▶ [PROBLEM TO WORK ON]:
In the entries below, find the line with "Und Joseph nahm" and the line with "Rear of envelop ~ see original". Repeat exactly everything between them, those two lines included, but not the pictures.

▶ [EXTRACTED ENTRIES]:
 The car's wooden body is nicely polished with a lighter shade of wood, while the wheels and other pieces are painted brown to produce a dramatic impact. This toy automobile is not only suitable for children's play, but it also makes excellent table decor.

* * *

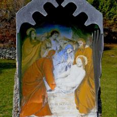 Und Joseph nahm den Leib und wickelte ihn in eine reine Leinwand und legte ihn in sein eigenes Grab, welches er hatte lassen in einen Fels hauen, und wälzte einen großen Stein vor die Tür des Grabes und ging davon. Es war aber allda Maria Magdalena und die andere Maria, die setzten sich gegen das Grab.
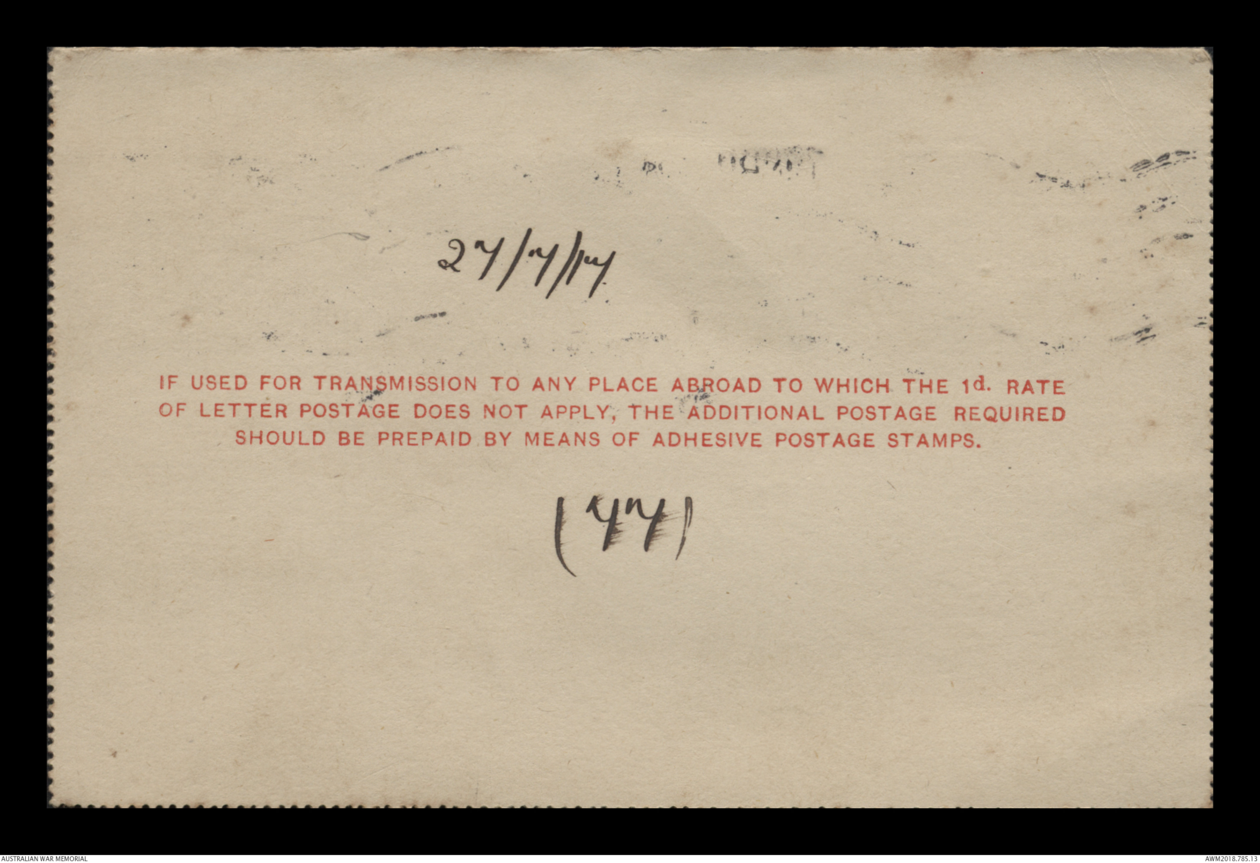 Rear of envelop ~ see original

▶ [FINAL ANSWER]:
 Und Joseph nahm den Leib und wickelte ihn in eine reine Leinwand und legte ihn in sein eigenes Grab, welches er hatte lassen in einen Fels hauen, und wälzte einen großen Stein vor die Tür des Grabes und ging davon. Es war aber allda Maria Magdalena und die andere Maria, die setzten sich gegen das Grab.
 Rear of envelop ~ see original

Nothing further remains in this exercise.